FUENTES, Carlos. Tiempo mexicano. México: Joaquín Mortiz, 1971.
ROAS, David. Cronologías alteradas: la perversión fantástica del tiempo. In: GARCIA, Flavio e BATALHA, Maria Cristina (Orgs). Vertentes teóricas e ficcionais do insólito. Rio de Janeiro: Ed. Caetés, 2012.

BIBLIOGRAFIA COMPLEMENTAR

DURÁN, Gloria. La magia y las brujas en la obra de Carlos Fuentes. México: UNAM, 1976.
FUENTES, Carlos. Aura. México: Era, 1962.
FUENTES, Carlos. Constancia y otras novelas para vírgenes. México: FCE, 1991.
FUENTES, Carlos. Una familia lejana. México: Ed. Era, 1991.
GIACOMAN, Helmy F (Ed).
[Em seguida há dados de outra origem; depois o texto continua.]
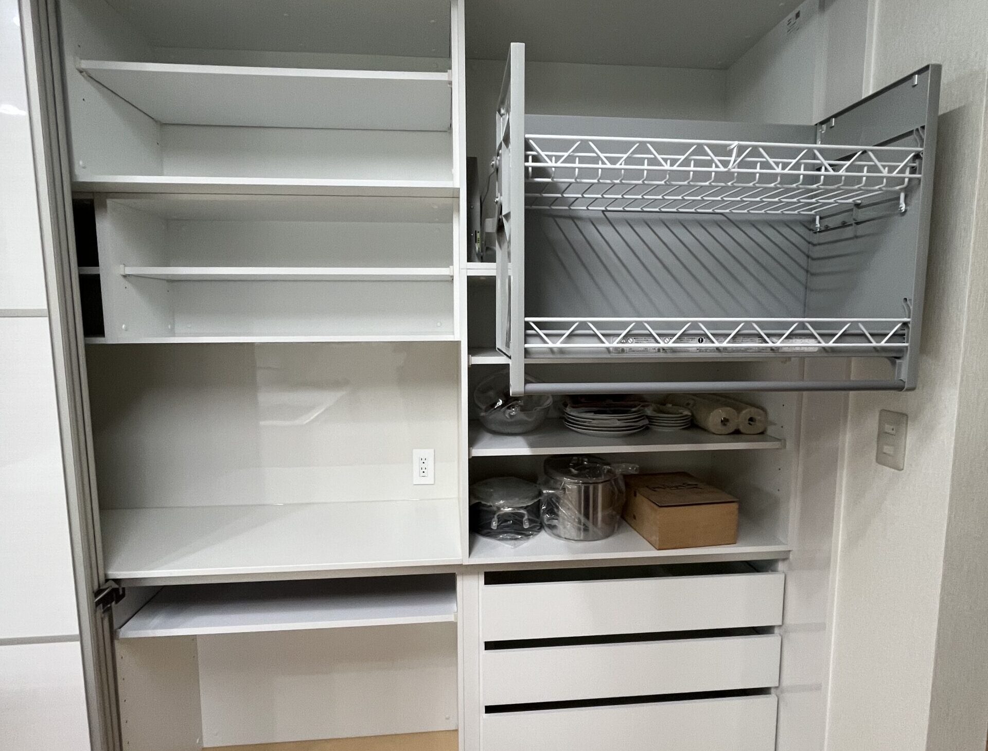 上の棚は一部バーで下ろしやすいくなっています。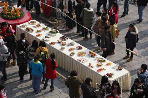 美食文化节上,校学生会生活部组织了多项参与性的互动游戏及厨艺比赛活动。各食堂推出了丰富的特色菜品及各地特色风味名小吃,并发放了优惠券和免费品尝券。

Homenaje a Carlos Fuentes: variaciones interpretativas en torno a su obra. New York: Las Américas, 1971.
ORDIZ, Francisco Javier. El mito en la narrativa de Carlos Fuentes. León: Universidade de León, 1987.
TREVISAN, Ana Lúcia. O espelho fragmentado de Carlos Fuentes: Literatura e História em Terra Nostra. São Paulo: Editora Mackenzie, 2008.